The confession, spoken in her sweet little three-year-old voice, was almost too much for this mama. My daughter and I were saying her bedtime prayers, and when it came time to yield something to God, we talked about our stomachs. I volunteered that the Super Bowl had offered all kinds of foods and temptations, and I had eaten too much. My tummy hurt. She then offered her own admission: she had eaten too much sugar.
In her defense, she hadn’t really eaten that much sugar. The treats had all been sugar-free, and my friend and I had intentionally filled the table with fruits and veggies that would nourish our families. But in my little one’s mind, she recognized that she had eaten to excess.
It was a bittersweet moment.
On the one hand, I want my children to recognize which foods energize them and how much is enough. On the other, I want to guard against developing a food fixation, especially because I know firsthand how addictive and hopeless it can be. But I also know that Jesus can set us free!
So how do we raise our children to love God more than food… but still enjoy His good gifts moderately and guilt-free?
How to Break Food’s Generational Stronghold
Here are a few ideas I’ve been mulling over since the weekend:
Nurture a love and hunger for God. Our children need to hear again and again that God loves them and wants to be with them. Let’s stir up a hunger for His Word and His presence by opening our Bibles at breakfast and praying together at bedtime, speaking of Him in the car and everywhere we go.
Affirm the goodness of food as a gift from our Father. Every meal is a chance to turn our hearts to God in worship, as we recognize Him as the Giver of good gifts and the provider of everything we need. We can enjoy food without letting it gain mastery over us.
Model a healthy relationship with food. As we release food to its proper role in our lives, we can live out for our kids what it looks like to make healthy food choices, to stop when we’re full, and to seek comfort in Jesus, not food.
Sometimes I’m overwhelmed by the responsibility of guiding my daughters toward food freedom. I don’t have this all figured out, and I’m desperately asking God for wisdom. But I believe He will be faithful to answer our prayers, break generational strongholds, and guide us as we raise our children to love and desire Him alone.

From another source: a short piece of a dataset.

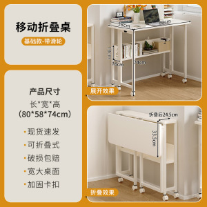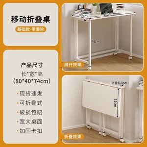 折叠可移动【单桌】白色80x40滑轮可拆卸♜⚑

As we folded our hands and bowed our heads over the last part of our prayer, I led my daughter in a prayer of dedication: “Dear God, I give you my stomach. It is not mine but Yours. Help me eat what makes me healthy and stop when I’ve had enough. And help me desire You more than any sweet treat. Amen.”

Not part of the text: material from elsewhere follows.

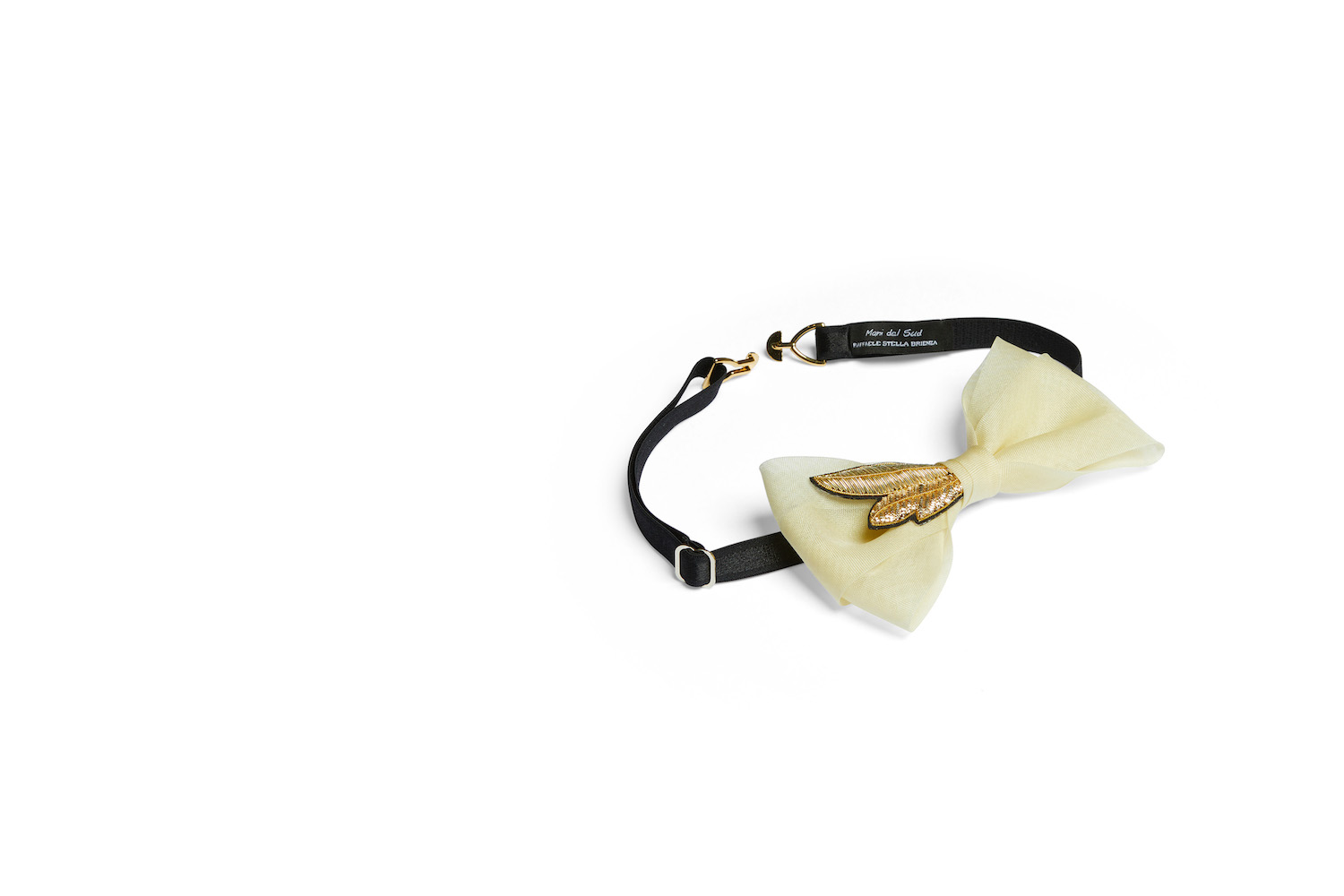 Our bow ties are made in Italy products and every single one of them is manufactured by the same hands. The galvanisation of the metal latches guarantees a fine and long-lasting colouring; this is achieved in a manual (not industrial) process by submerging each piece individually in a bath of molten metal. The adjustable elastic strap is practical and comfortable to use.

And as I tucked her into bed, I whispered to her the promises of a new day under the loving gaze of a good Father. His mercies are new every morning and there is no guilt or condemnation for His children. Great is His love and faithfulness (Lamentations 3:22-23).
Those are the things I’d whisper to you, sweet friend, as you begin your week and your day. Regardless of what the weekend held for you, no matter how you’ve been doing so far this week, (or even so far today!), this hour is a new start, a fresh beginning. Forget what is behind and lean into the victory that lies ahead for us in Christ Jesus. Great is His faithfulness.